Mitochondrion (Greek: mitos - "thread", chondrios - "grain") is the main spot of aerobic respiration activity of the cell. The number of mitochondria in a cell is not constant. It depends on the species of an organism and the nature of a cell. A cell with strong need in energy (for example, a liver cell) can contain up to a thousand of mitochondria. Mitochondria can be spiral, round, rod-shaped, cup-shaped, even branched. The length of mitochondria may vary from 1.5 to 10.0 microns, diameter from 0.25 to 1.00 micron.

Mitochondrion has a double membrane dividing it into two compartments. The area limited by the inner membrane thrown into folds (the folds are called cristae) is known as mitochondrial matrix. It contains ribosomes and mitochondrial DNA, circular double-stranded molecule encoding some of mitochondrial proteins. Cristae in the inner membrane significantly increase its surface, thus, providing the site for placing multi-enzymatic systems and facilitating the access to the enzymes in the mitochondrial matrix.

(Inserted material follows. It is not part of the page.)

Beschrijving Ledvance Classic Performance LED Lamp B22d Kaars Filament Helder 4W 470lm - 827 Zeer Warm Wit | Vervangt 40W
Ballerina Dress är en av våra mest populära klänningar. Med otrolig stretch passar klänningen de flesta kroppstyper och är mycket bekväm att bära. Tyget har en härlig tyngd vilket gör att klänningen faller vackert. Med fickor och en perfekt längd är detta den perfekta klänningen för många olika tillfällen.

The compartment between the outer and inner membranes, which is called intermembrane space, contains substrates, enzymes and some metabolites.

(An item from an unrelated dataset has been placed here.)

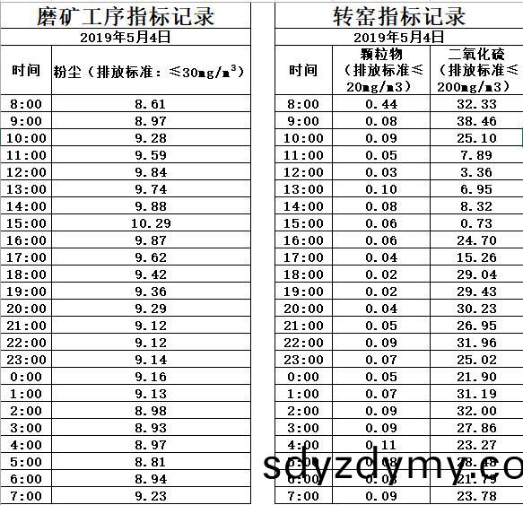 山東(dong)道(dao)恩鈦(tai)業股份有(you)限(xian)公(gong)司2019年(nian)5月(yue)4日(ri)磨鑛工序(xu)煙(yan)氣(qi)及(ji)轉(zhuan)窰(yao)煙(yan)氣(qi)指(zhi)標(biao)數(shu)據(ju):山(shan)東(dong)道(dao)恩(en)鈦(tai)業股份(fen)有限公(gong)司2019年(nian)5月(yue)4日(ri)磨(mo)鑛工序煙氣(qi)及(ji)轉窰(yao)煙氣(qi)指(zhi)標(biao)數(shu)據(ju):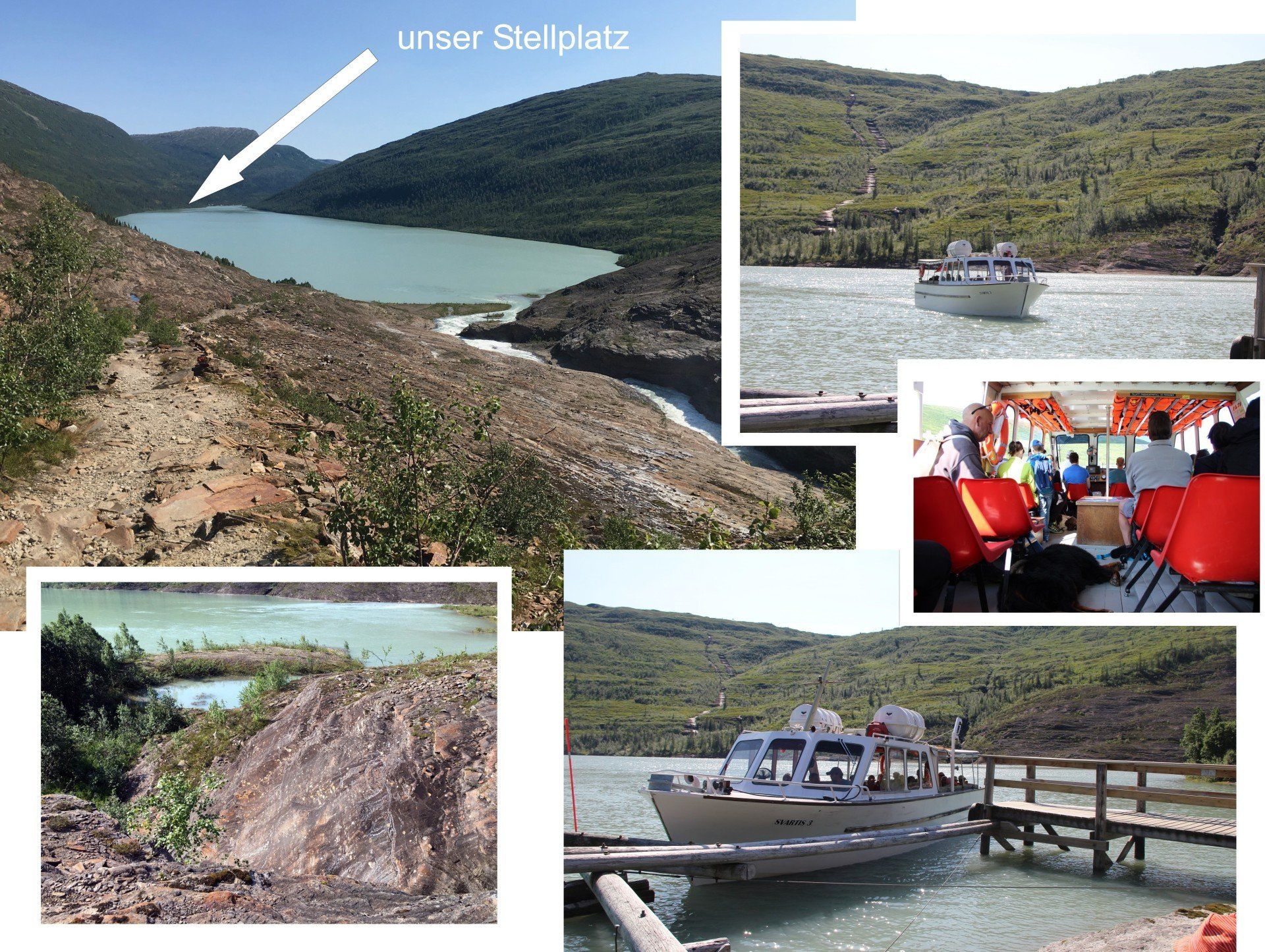 Am Svartisen-Gletscher. Er hatte mal das gesamte Gebiet überlagert. Jetzt reicht die Gletscherzunge Austerdalsien nicht mehr hinab bis zum See. So hat das Klima alles verändert.

Mitochondrion is the main site of ATP synthesis in animals. The most part of oxidizing cell processes is accomplished in mitochondria. Mitochondria resemble bacteria in shape and size. They contain DNA and replicate. It is thought that eukaryotic cells are descendants of primitive anaerobic organisms who survived in the world rich in oxygen having devoured aerobic bacteria. Instead of digesting the bacteria, these organisms fed them and kept in symbiosis for the sake of their ability to use atmospheric oxygen and produce energy.